▸ Exercise
With the images removed, write out every line below exactly.

(Dataset content begins)

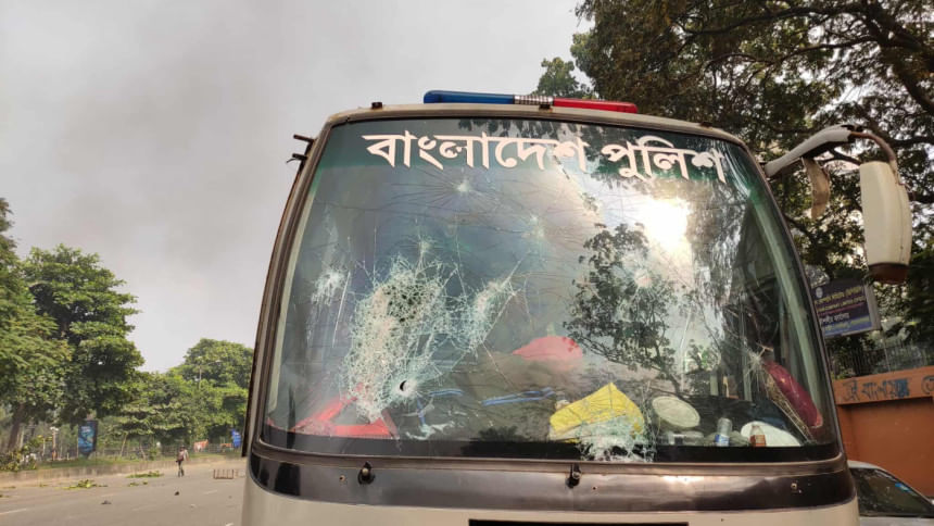 A police vehicle was vandalised and several people were injured during the incident, our photojournalist reported from the spot.
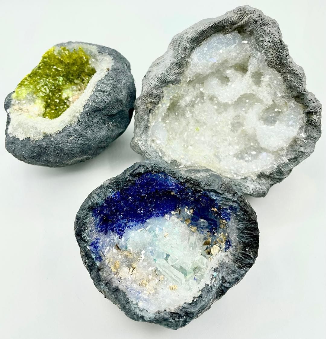 Geodes and druzy stones are fascinating with their tiny glittering crystals and subtle color changes. Jeanne Sanders is an artist in house at MC2 who has been using offbeat materials in her artwork for years. She has pioneered new ways of creating with plastics that mimic the look of glass, and now she's figured out a way to mimic the look of natural, crusty crystalline surfaces.
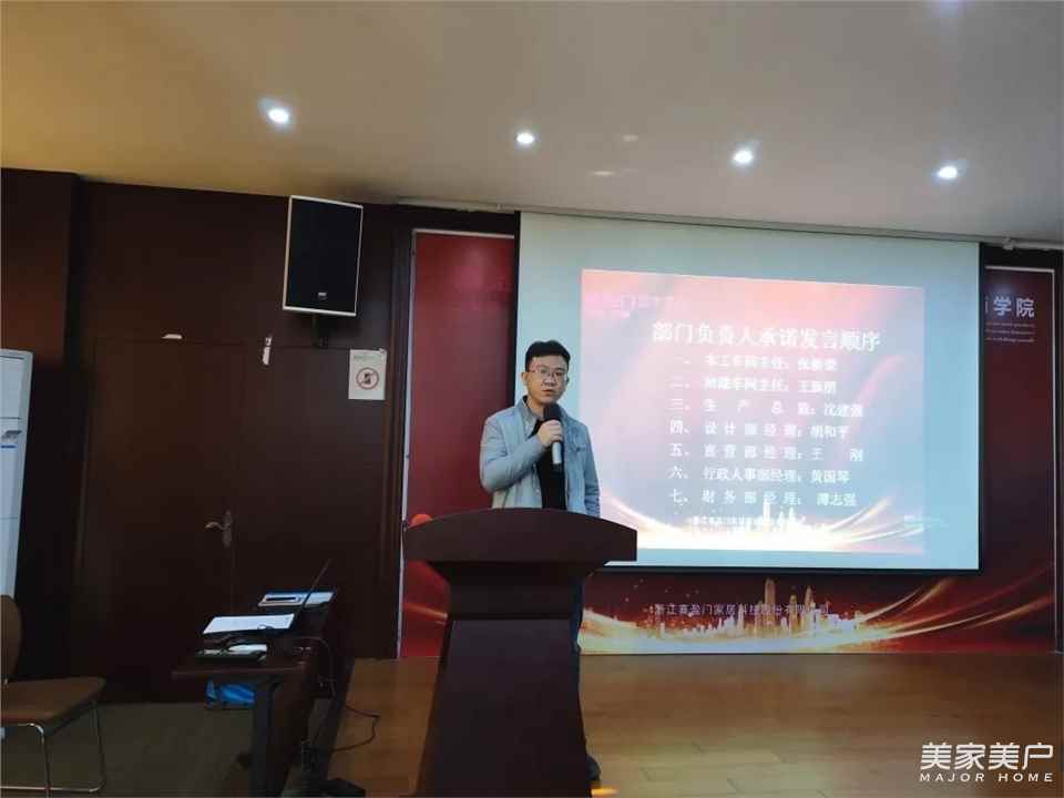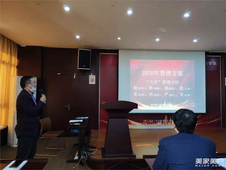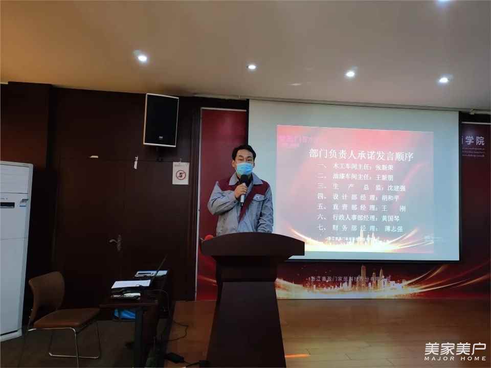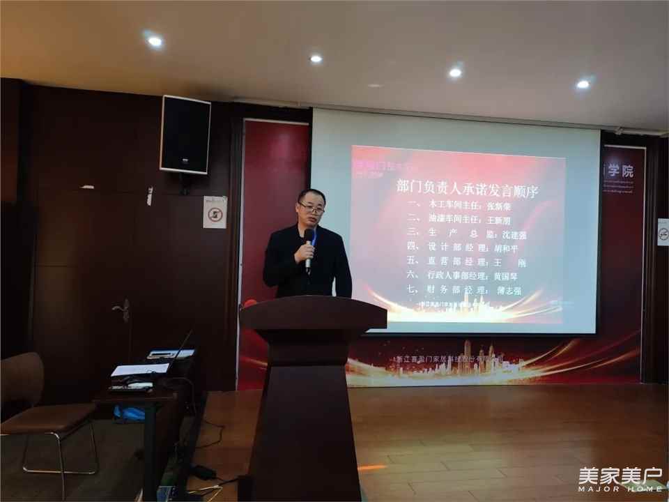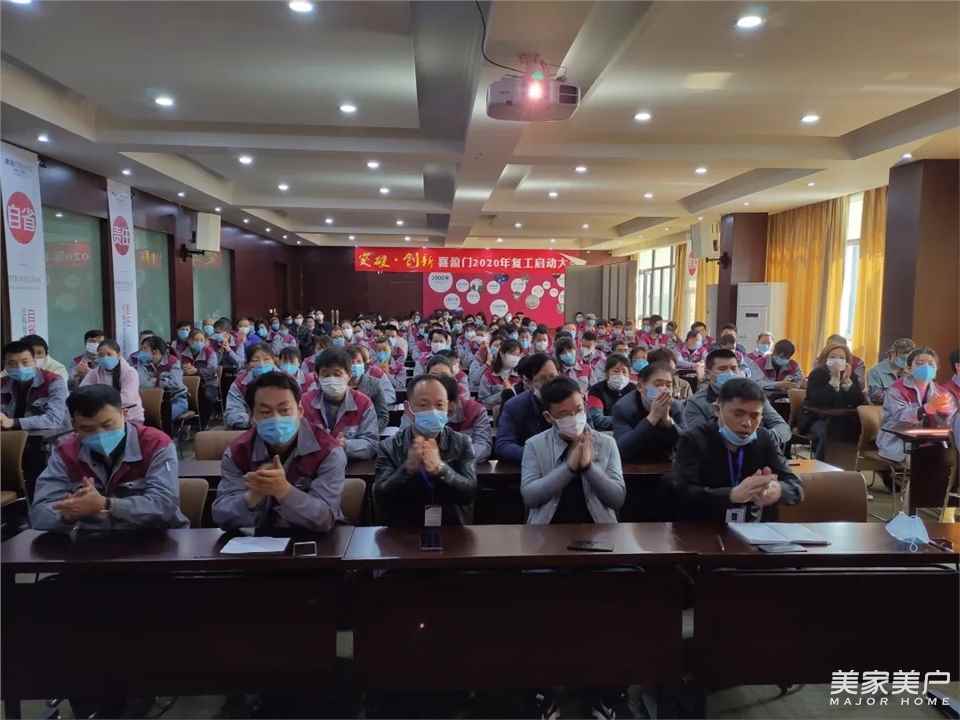 随后喜盈门总经理沈建强上台发言,沈总表示今年的生产目标是通过提高产品品质,将喜盈门打造为江浙地区标杆企业,并要求全体家人振奋精神,德才兼备,鼓足干劲,高标准、高水平、高起点的组织生产任务,强化责任落实、严控产品质量。2020年是一场危机也是一场转机,喜盈门不走弯路,统一思想,给业主、给企业、给自己交出一份满意的答卷!

(Dataset content ends)

▸ Answer space
 A police vehicle was vandalised and several people were injured during the incident, our photojournalist reported from the spot.
 Geodes and druzy stones are fascinating with their tiny glittering crystals and subtle color changes. Jeanne Sanders is an artist in house at MC2 who has been using offbeat materials in her artwork for years. She has pioneered new ways of creating with plastics that mimic the look of glass, and now she's figured out a way to mimic the look of natural, crusty crystalline surfaces.
 随后喜盈门总经理沈建强上台发言,沈总表示今年的生产目标是通过提高产品品质,将喜盈门打造为江浙地区标杆企业,并要求全体家人振奋精神,德才兼备,鼓足干劲,高标准、高水平、高起点的组织生产任务,强化责任落实、严控产品质量。2020年是一场危机也是一场转机,喜盈门不走弯路,统一思想,给业主、给企业、给自己交出一份满意的答卷!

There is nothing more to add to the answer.